Une bande dessinée préhistorique vient d'être découverte en Indonésie. Puisqu'en France, les bandes dessinées sont appréciées, je viens vous proposer de la lire avec moi.

Depuis combien de temps aime-t-on la bande dessinée en France? Dès 38000 ans avant le présent possiblement, dans la grotte Chauvet en Ardèche, des artistes aurignaciens ont dessiné au fusain des scènes de la vie des animaux (dangereux) les entourant. Leurs compositions, qui sont expressives, comportent des effets de perspective et de mouvement, et témoignent d'une maîtrise spectaculaire. Comme, par ailleurs, les découvertes d'art pariétal ou même d'art préhistorique avaient été surtout européennes, l'Europe (du sud-ouest) est longtemps passé pour la seule province d'art pariétal et d'art figuratif ancien au monde. Bref, Tout indiquait que la bande dessinées avait été inventées en Europe, voire en France. Normal que nous en soyons les principaux amateurs… Et puis, tout a changé.

La bande dessinée, invention indonésienne?

Au début de l'année 2019, le préhistorien québécois Maxime Aubert et son collègue Adam Brumm, tous deux de l’université Griffith en Australie et son équipe de collègues indonésiens et australiens nous ont appris que des peintures figuratives parmi les plus anciennes de l'humanité se trouvaient à Bornéo dans la grotte de Lubang Jeriji Saléh de cette grande île indonésienne. La datation par l'uranium-thorium de la calcite recouvrant partiellement la représentation dans des tons oranges d'un gros animal avait conduit à la date «d'au moins 40000 ans »:

Dans la grotte de Lubang Jeriji Saléh, un panneau peint datant de 40000 ans. (C:Pierre-Henri Fage)

Auparavant, dès 2014, la même équipe avait déjà établi que l'art pariétal des grottes du karst de Maros-Pangkep au sud des Célèbes, datait aussi d'environ 40000 ans (ou d'un peu moins). Cette découverte et celle de peinture de même âge à Bornéo ont rendu certain que l'on pratiquait de façon courante l’art pariétal en Indonésie il y a environ 50 000 à 40 000 ans, soit un peu avant l’art figuratif d’Europe du Paléolithique supérieur (les derniers 50000 ou 40000 ans, suivant les définitions).

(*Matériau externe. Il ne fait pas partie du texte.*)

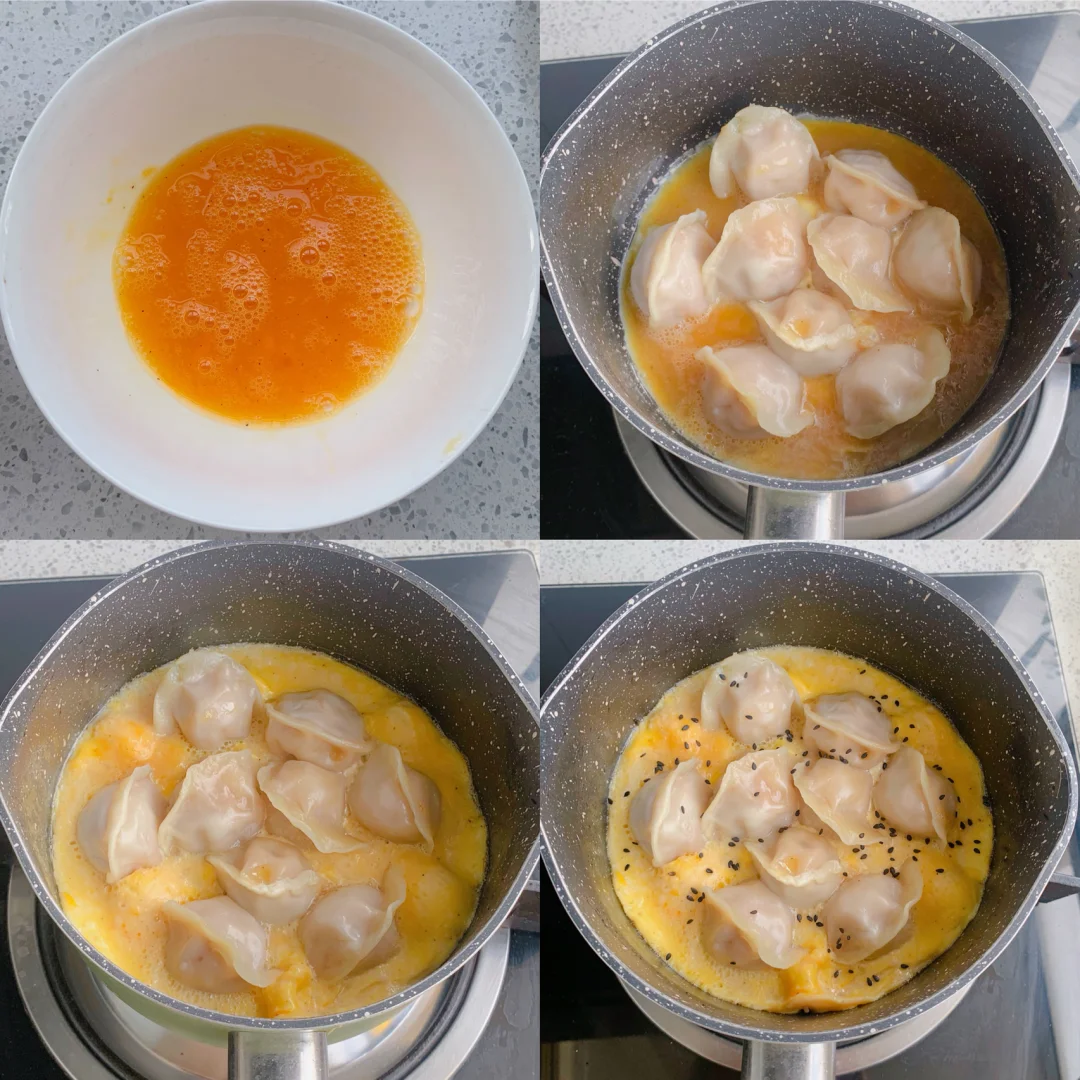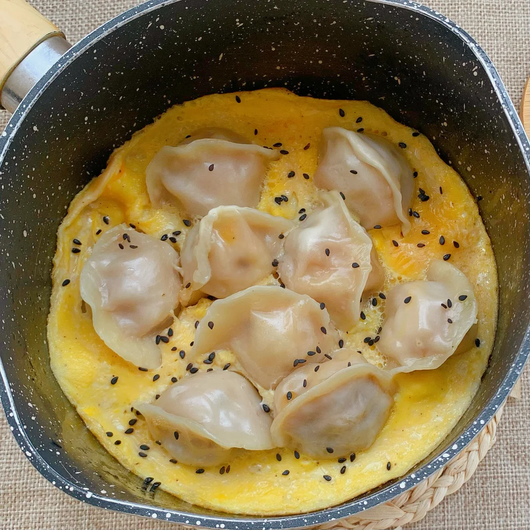 忙碌的早上来一份快手早餐吧🥟简单食材🍳不简单的美味🤫 食材篇🥬: 水饺、鸡蛋 步骤篇🥣: 1、锅中刷油,将水饺放入煎一分钟(我用的速冻水饺懒人必备哈哈) 2、然后加入开水!开水!末过水饺三分之一开水,加盖小火焖煮 3、鸡蛋里放少许盐和胡椒粉打散,煮至锅中就剩一点水时倒入蛋液(从没有水饺的一边倒入,晃动锅子使其均匀) 4、小火小火!煎至蛋液凝固,撒芝麻出锅✅ - 懒人必备的抱蛋煎饺🍳好吃好看🥺

Le réflexe universel des préhistoriens est de reconnaître dans cet art un comportement moderne en termes cognitifs, et de l'associer aux vagues successives d'Homo sapiens venues coloniser cette partie de l'Eurasie. Il y a quelque 50000 ans, le niveau de l'océan était en effet alors 80 mètres plus bas, de sorte qu'une partie de l'Indonésie, dont Bornéo, faisait partie de l'extrémité orientale de l'Eurasie:

L'Indonésie quand l'océan mondial était quelque 130 mètres plus bas. (C: PLS)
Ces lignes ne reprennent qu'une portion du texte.